Is that Old Pochmann or Orient and Permute?

It has been used for both I've seen so there is a name conflict here.

I got suggestions for alternative abbrevations to avoid that: *Ol'P* and *O&P*.

That's what I use since I understood it is a conflict


----------



## Toad (Jan 14, 2010)

I've never seen OP written on its own for Orient & Permute... Only ever seen it as 3OP...?

But I tend to refer to Old Pochmann by the full name anyway just to be sure.


----------



## Kenneth (Jan 14, 2010)

Ah, thank's, forgot about 3OP, many uses that for the latter.


----------



## cmhardw (Jan 14, 2010)

Wasn't there a strong push to call it Classic Pochmann a while ago?

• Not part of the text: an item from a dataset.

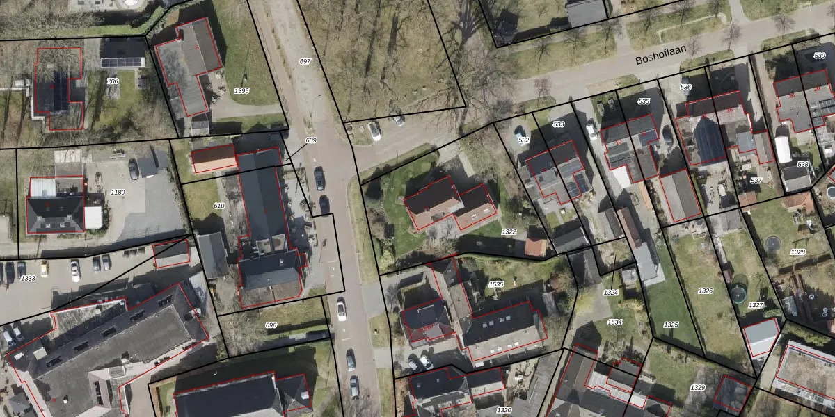 Boshoflaan 4 is gelegen op kadastraal perceel ODN00K1322. Deze kadastrale aanduiding is uniek en wordt gebruikt door het Kadaster om eigendomsrechten en andere zakelijke rechten vast te leggen. Het perceel maakt onderdeel uit van de kadastrale gemeente Odoorn.
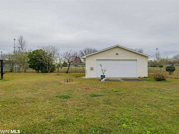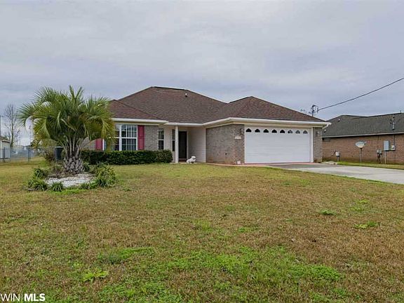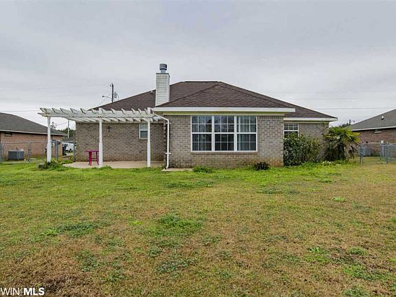 One story brick home in Lillian. House features an extra 2 car garage for total of four spaces; bring your boat or car collection! Enjoy fenced backyard with fruit trees, heated and cooled sunroom with French doors, a pergola covered patio, and covered entry. Kitchen w/ breakfast area features wood look laminate flooring and opens to great room w/fireplace and vaulted ceiling; Split floorplan. Master features trey ceiling, dual sinks, low entry shower, and walk-in closet. Bay windows accent the breakfast room and guest Bedroom. Quiet neighborhood close to FL & AL beaches, 10 miles from Pensacola NAS, and less than 1 mile from public boat launch. Home includes blinds and refrigerator. This home qualifies for Special Financing.

I try to always say Classic Pochmann and never Old Pochmann because of this. Did this change back at some point?

Chris


----------



## Stefan (Jan 14, 2010)

cmhardw said:


> Wasn't there a strong push to call it Classic Pochmann a while ago?


I think it started here (see posts of Arnaud, Shelley, me and Kian):
http://www.speedsolving.com/forum/showthread.php?t=5737
I was mainly joking, though. Well, "classic" does sound elegant and less obsolete than "old", but I'm fine with "old".

Back on topic: Classic Pochmann would be "CP" which also stands for corner permutation. On the other hand, I think the context probably prevents confusing these.


----------



## Lucas Garron (Jan 14, 2010)

StefanPochmann said:


> Back on topic: Classic Pochmann would be "CP" which also stands for corner permutation. On the other hand, I think the context probably prevents confusing these.


ClaP?
ClasP?



Lucas Garron said:


> How about something like "orisolve" and "permsolve"? Except preferably better-sounding.


Forgot about that already. Any modern opinions on using these to talk about 3OP?


----------



## Kenneth (Jan 14, 2010)

StefanPochmann said:


> Back on topic: Classic Pochmann would be "CP" which also stands for corner permutation. On the other hand, I think the context probably prevents confusing these.



And OP are big cube paritys, but as you siad, the context makes difference.


----------



## Sakarie (Jan 14, 2010)

Lucas Garron said:


> StefanPochmann said:
> 
> 
> > Back on topic: Classic Pochmann would be "CP" which also stands for corner permutation. On the other hand, I think the context probably prevents confusing these.
> ...



The idea of having different names for the different part of the solves is good, but I don't know if it's worth to try to make it "official". There will always be people not understanding.


----------